== DATASET CONTENT ==
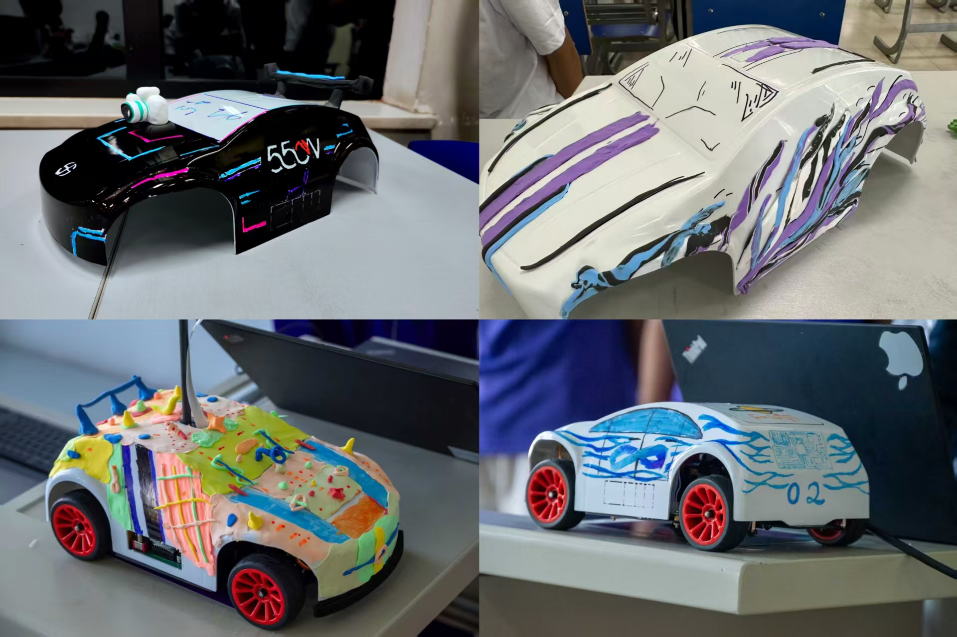 9月11日为“创意设计日”,同学们专注于智能小车的车身设计与美化,并参加“车身设计奖”评选。各组作品风格多样,既有科技未来主题,也有环保、传统文化和抽象艺术元素,体现出优秀的综合审美与团队协作能力。
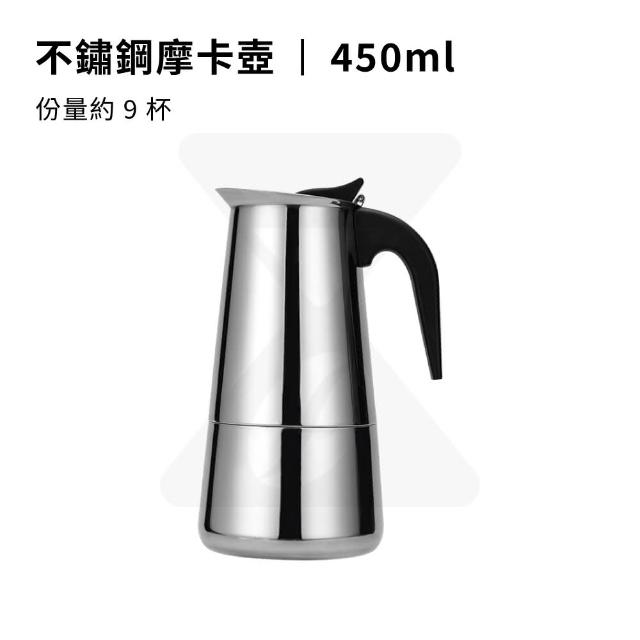 時光萃豆不鏽鋼摩卡壺-450ml(咖啡摩卡壺 摩卡咖啡壺 手沖咖啡壺 義式壺 摩卡壺 咖啡壺 濃縮咖啡壺 咖啡用具 露營咖啡壺)
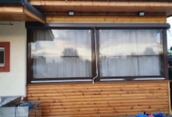 Daca vreti sa va bucurati de terasa sau foisorul dvs. si in zilele cu vreme urata, atunci acest sistem de inchidere cu folie transparenta se va ridica la asteptarile dvs. Un sistem simplu de folosit, elegant, discret si foarte eficient in etanseizarea terasei, tot sistemul este confectionat din aluminiu acesta avand o forma eleganta si se poate comanda in culoarile de alb si maro, caseta este vopsita in camp electrostatic, un procedeu care asigura rezistenta mare in utilizare.
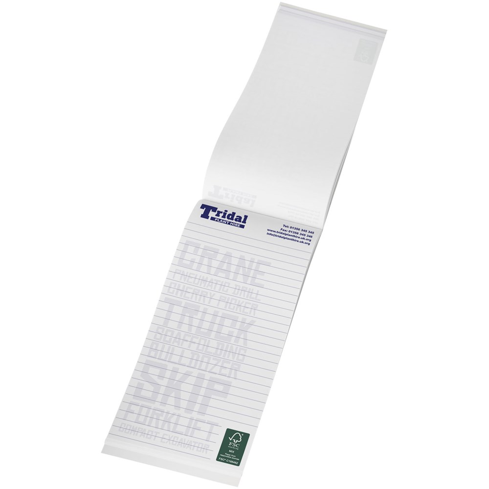 Weißer Desk-Mate® A4-Notizblock mit Umschlaghülle. Standardlieferung mit 50 Blatt 80g/m2-Papier mit einem 250 g/m2 Umschlag (21212002). Ebenfalls erhältlich in der Variante 25 Blatt (21212001). Vollfarbdruck auf dem Umschlag und jedem Blatt möglich.
===
**YOUR INSTRUCTIONS:** From the line containing "Daca vreti sa" through the final line of the listing above, reproduce every line exactly, with no pictures.

**EXPECTED ANSWER:**
 Daca vreti sa va bucurati de terasa sau foisorul dvs. si in zilele cu vreme urata, atunci acest sistem de inchidere cu folie transparenta se va ridica la asteptarile dvs. Un sistem simplu de folosit, elegant, discret si foarte eficient in etanseizarea terasei, tot sistemul este confectionat din aluminiu acesta avand o forma eleganta si se poate comanda in culoarile de alb si maro, caseta este vopsita in camp electrostatic, un procedeu care asigura rezistenta mare in utilizare.
 Weißer Desk-Mate® A4-Notizblock mit Umschlaghülle. Standardlieferung mit 50 Blatt 80g/m2-Papier mit einem 250 g/m2 Umschlag (21212002). Ebenfalls erhältlich in der Variante 25 Blatt (21212001). Vollfarbdruck auf dem Umschlag und jedem Blatt möglich.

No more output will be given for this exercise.